The State Electricity Company of Indonesia offers subsidies for their customers every year. Thus, the proposed model lacks the ability to capture the actual amount. Occasionally, the difference is also significant between forecasted and actual amounts.

Case study B: Palm oil production

By following the same steps given in Case study A, the comparison between actual and forecast values can be shown for palm oil data from January–December 2012 in

Table 10. Forecast values of monthly palm oil production using left-right sides FRM.

Side		Month	FRM without Intercept
			Lower Forecast (Ton)	Middle Forecast (Ton)	Upper Forecast (Ton)
Left	Training	January	94,798.74	142,018.68	189,209.00
		February	103,945.71	151,423.05	198,870.76
		…	…	…	…
		July	107,295.64	160,669.99	214,014.74
	Testing	October	91,942.59	141,056.79	190,141.37
		November	123,030.85	180,891.52	238,722.57
		December	89,362.53	145,768.25	202,144.36
Right	Training	January	110,503.70	142,588.11	188,983.20
		February	119,041.69	151,316.91	197,902.81
		…	…	…	…
		July	122,625.62	159,480.26	210,645.57
	Testing	October	107,851.67	141,462.56	189,384.12
		November	137,206.26	177,686.27	232,476.96
		December	105,871.75	145,206.90	198,852.74

,

Table 11. MAPE training-testing data with and without intercept using FRM.

		Left			Average Left	Right			Average Right
		Bound Lower	Bound Middle	Bound Upper		Bound Lower	Bound Middle	Bound Upper
Training	With intercept	32.45%	10.28%	25.95%	22.90%	21.68%	11.22%	36.73%	23.21%
	Without intercept	29.21%	8.86%	37.91%	25.33%	18.86%	8.84%	36.70%	21.46%
Testing	With intercept	23.32%	22.31%	53.57%	33.07%	17.42%	32.06%	67.20%	38.89%
	Without intercept	21.51%	24.77%	61.64%	35.97%	16.17%	25.36%	61.20%	34.24%

and

Table 12. Testing data for January 2013.

$\mathit{\alpha }$	${\mathit{X}}_1$	${\mathit{X}}_2$	${\mathit{X}}_3$	$\mathit{Y}$ (FLR)	$\mathit{Y}$ (ES)
0.1	24,281.6	28,352.1	217.4	[134,795.7; 176,277.5]	153,420.7
0.5	24,220.2	28,398.1	266.0	[135,332.0; 186,087.2]	159,424.9
0.9	26,089.9	28,362.0	245.9	[11,321,307.1; 11,368,226.9]	154,326.2

, respectively.

5. Conclusions

In this paper, the parameters (intercept and slopes) of ordinary regression in building fuzzy linear regression were implemented. Both parameters were employed for fuzzy optimization purposes, namely objective function and left-right constraints. Furthermore, the Sturges rule was used to determine the symmetrical TFN and the number of fuzzy intervals when the total number of observations was specified.

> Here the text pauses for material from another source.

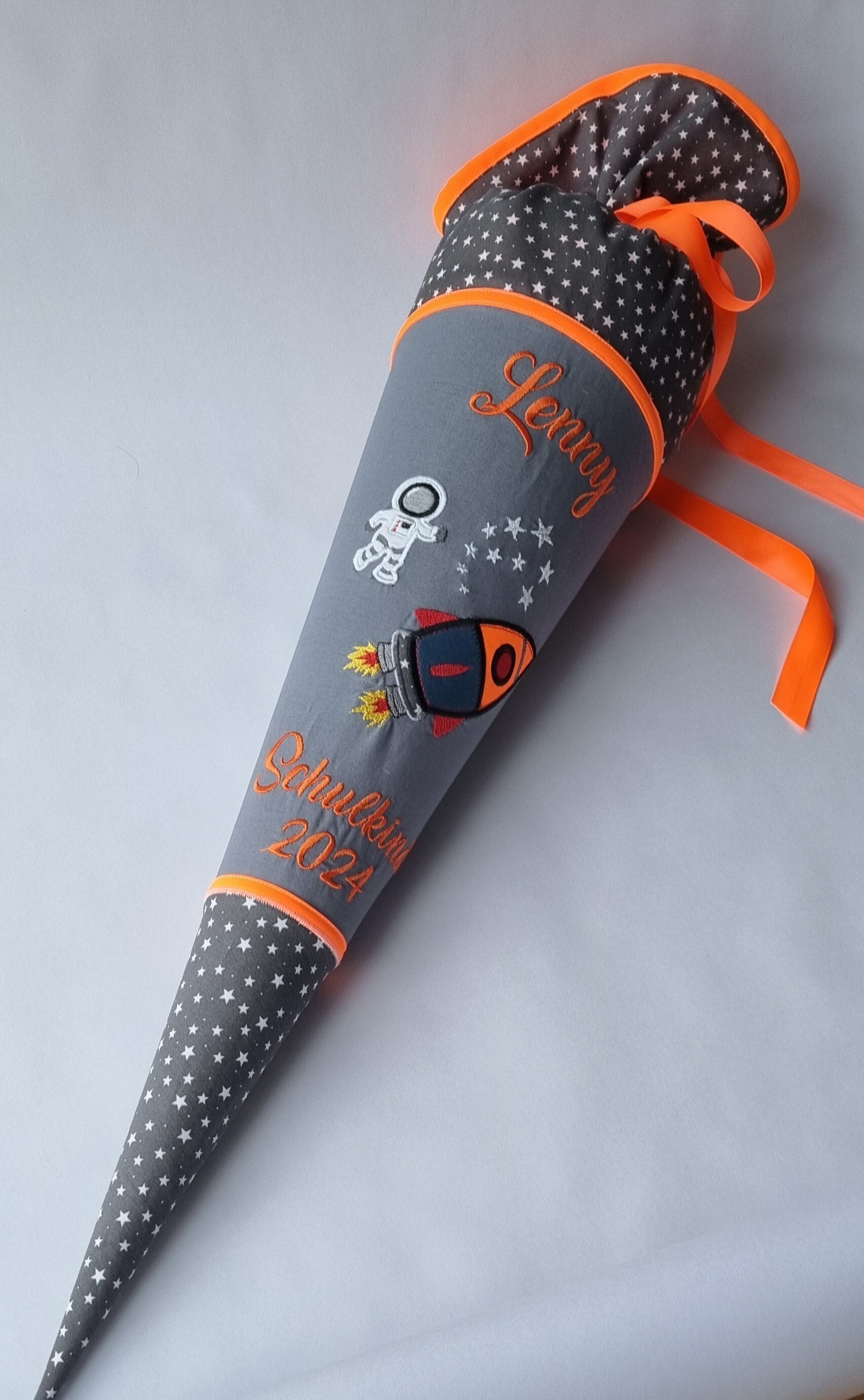 Jede Schultüte wird mit viel Liebe aus Baumwolle genäht und mit einer aufwendig bestickten Rakete, Astronaut und Sternen verziert.

In application, FRM without intercept was considered to capture the actual electricity data precisely. Each variable from FRM was predicted using a basic time series technique known as exponential smoothing. Therefore, two types of forecasting strategies have been employed to estimate yearly electricity power distribution in Indonesia from 2000 to 2021 and palm oil production. In this paper, we also considered the effectiveness between with and without intercepts in the forecasting models.